Input data:

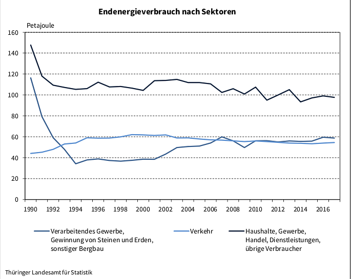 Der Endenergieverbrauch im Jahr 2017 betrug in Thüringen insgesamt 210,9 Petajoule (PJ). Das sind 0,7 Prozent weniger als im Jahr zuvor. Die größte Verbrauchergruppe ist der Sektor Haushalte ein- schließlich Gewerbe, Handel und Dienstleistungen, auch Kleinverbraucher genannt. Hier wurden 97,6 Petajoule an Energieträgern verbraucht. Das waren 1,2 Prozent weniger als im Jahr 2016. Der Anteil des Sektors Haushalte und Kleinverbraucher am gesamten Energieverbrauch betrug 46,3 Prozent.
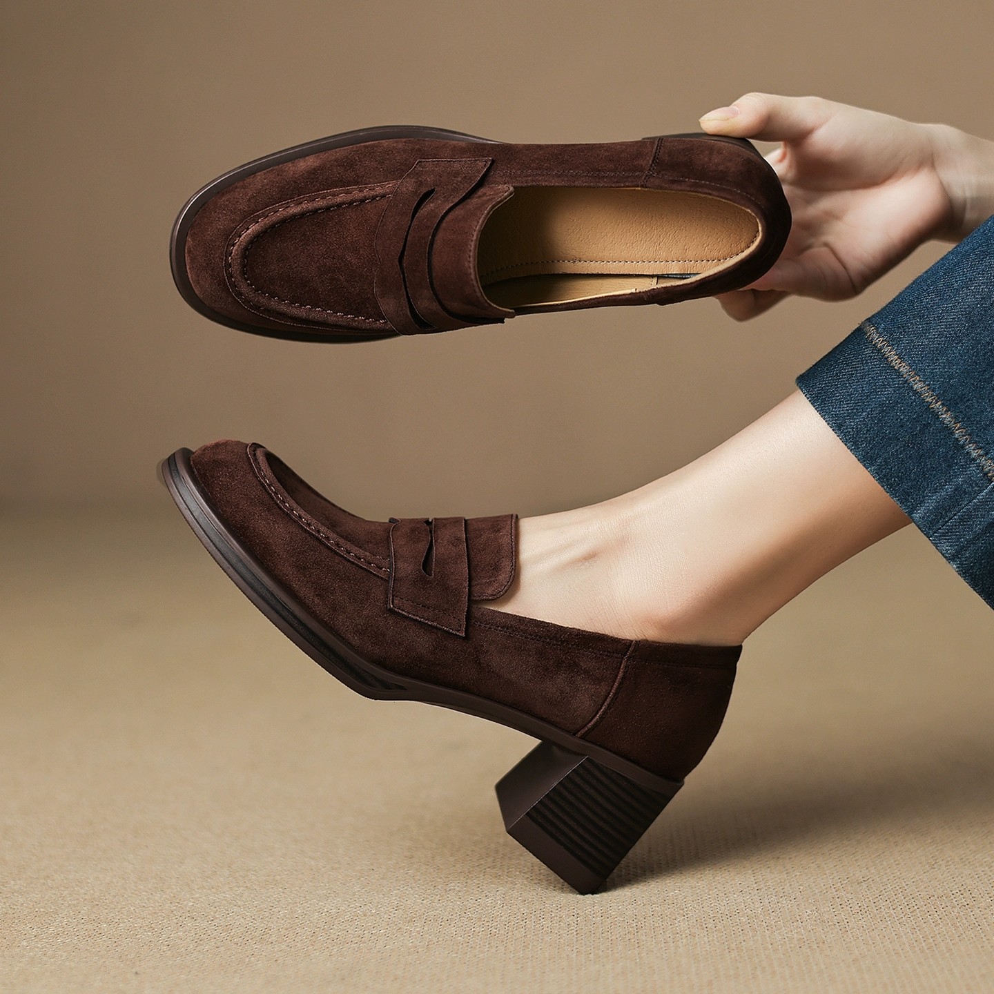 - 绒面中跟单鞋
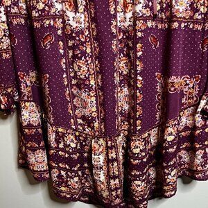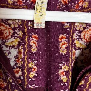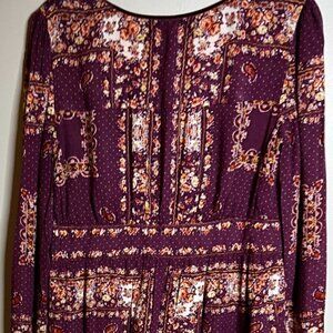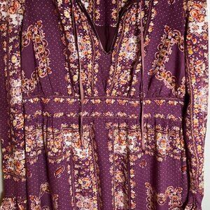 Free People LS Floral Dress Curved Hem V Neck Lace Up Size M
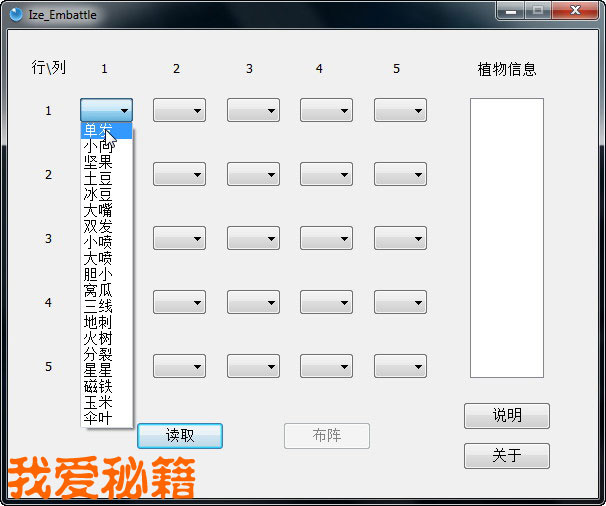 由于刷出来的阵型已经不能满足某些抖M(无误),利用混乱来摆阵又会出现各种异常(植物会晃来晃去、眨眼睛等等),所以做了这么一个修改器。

Exercise description: Line by line and exactly, reproduce the span from the line with "Free People LS" through the end of the data above, both ends included, with pictures left out.

Exercise solution:
 Free People LS Floral Dress Curved Hem V Neck Lace Up Size M
 由于刷出来的阵型已经不能满足某些抖M(无误),利用混乱来摆阵又会出现各种异常(植物会晃来晃去、眨眼睛等等),所以做了这么一个修改器。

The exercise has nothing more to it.